Almost all, Salmonella spp. isolated from the egg were resistance to more than five antibiotics. This indicates that Salmonella infection needs special care in the developing world, because of the poor hygienic conditions and their modes of consumption of uncooked egg for different reason that favour its spread. The reports from Swanenburg et al. (2001) strengthen the idea that the spread of drug resistance Salmonella in the developing world were very common. This also confirmed that Salmonella isolates are present in our most egg samples the study area and are seriously becoming a public health concern due to their highest prevalence of multidrug resistance pattern observed (Table 4). Nath et al. (2000) also supports the idea that dissemination of multidrug resistance Salmonella is because of indiscriminate use of the antibiotics.
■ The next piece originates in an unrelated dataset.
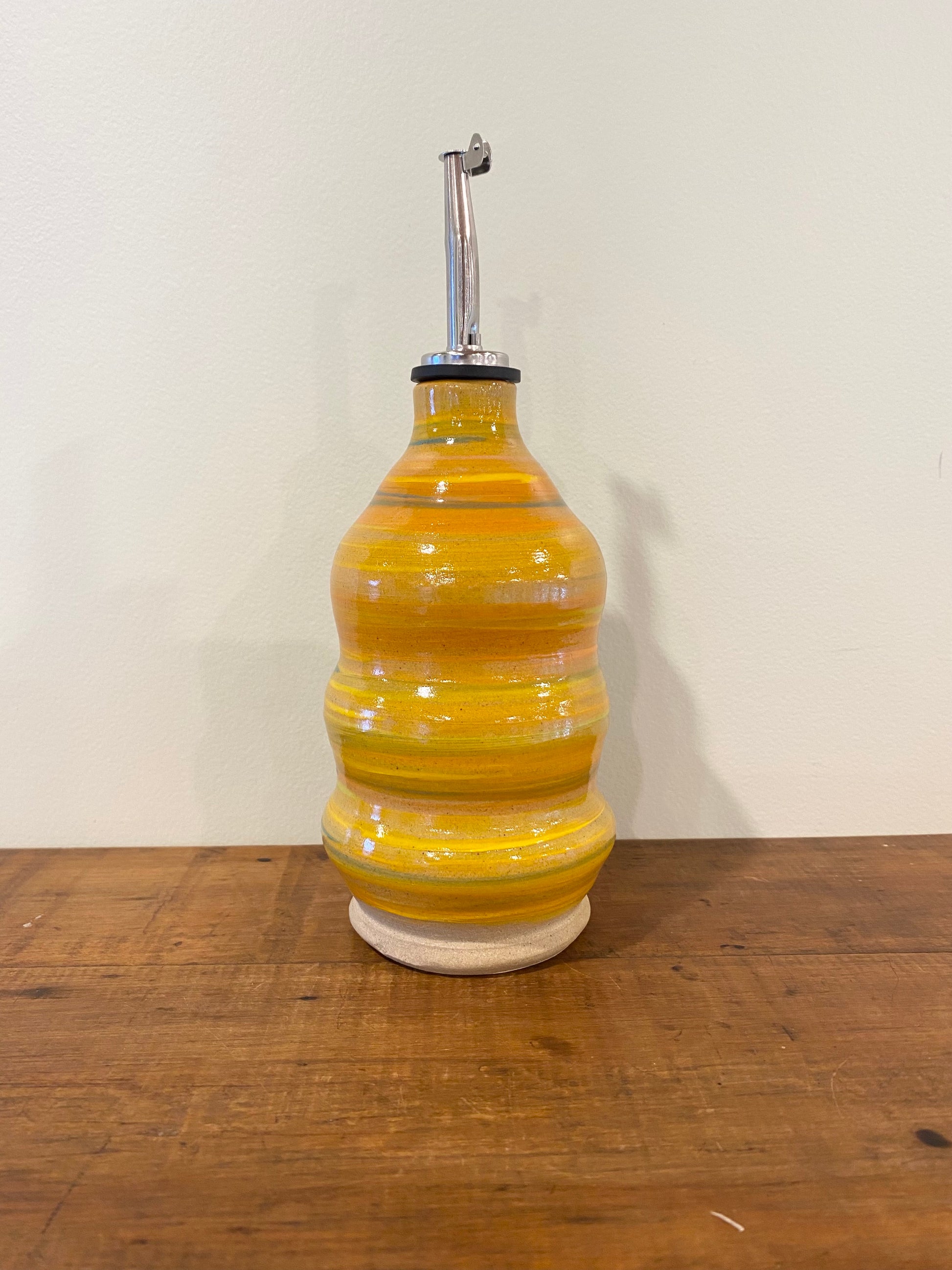 handcrafted oil bottle, made by me, an ideal vessel for oils or vinegar. Its unique pottery design ensures this piece is one-of-a-kind, adding a distinctive touch to your kitchen or dining table. Perfect as a thoughtful gift

The high percentage of multi-drug resistance could be indicating for unwise usage and abuse of antibiotics for human and animal at the study area. Reports from Onyango et al. (2008), Nath et al. (2000) and Chandra et al. (2006) also supports that indiscriminate use of antibiotics has led to the emergence of multidrug-resistant strains. These results sound for intensive observation/examination of microbial spp. to control the high prevalence of resistant Salmonella strain.
CONCLUSION
Contamination of an egg can be either though vertical transmission or horizontal transmission. Traditional ways of egg spoilage determination is importantly indicator for bacterial infection of the egg. In addition, egg with movable contents, opaque egg when seen in sunlight by rounding with your finger and the floating on water surface indicate egg contamination/spoilage. Hence, the infected hens (flocks) were the major contamination source for eggs. Thus, the egg producers should have to kept the hen in good environmental hygiene, feed and water safety should be ensured and implement effective management strategies to guard hens against Salmonella infection. Furthermore, consumption of uncooked egg critically aggravates Salmonella dissemination in the community. So, good manufacturing and handling practices were needed to diminish the potential risk of salmonellosis that results from consumption of egg and egg products. Egg handlers also have to make a proper care in light of their practical values coupled with human health concern. After the eggs are laid, it could also be stored at low-temperature storage to reduce the microbial multiplication. Most importantly, eggs have to be well cooked for enough time in case Salmonella recover from washing and physical damage.
ACKNOWLEDGMENT
Authors thank to Department of Biology, Jimma university, Natural Science College for his support in facility and material to accomplish this work successfully.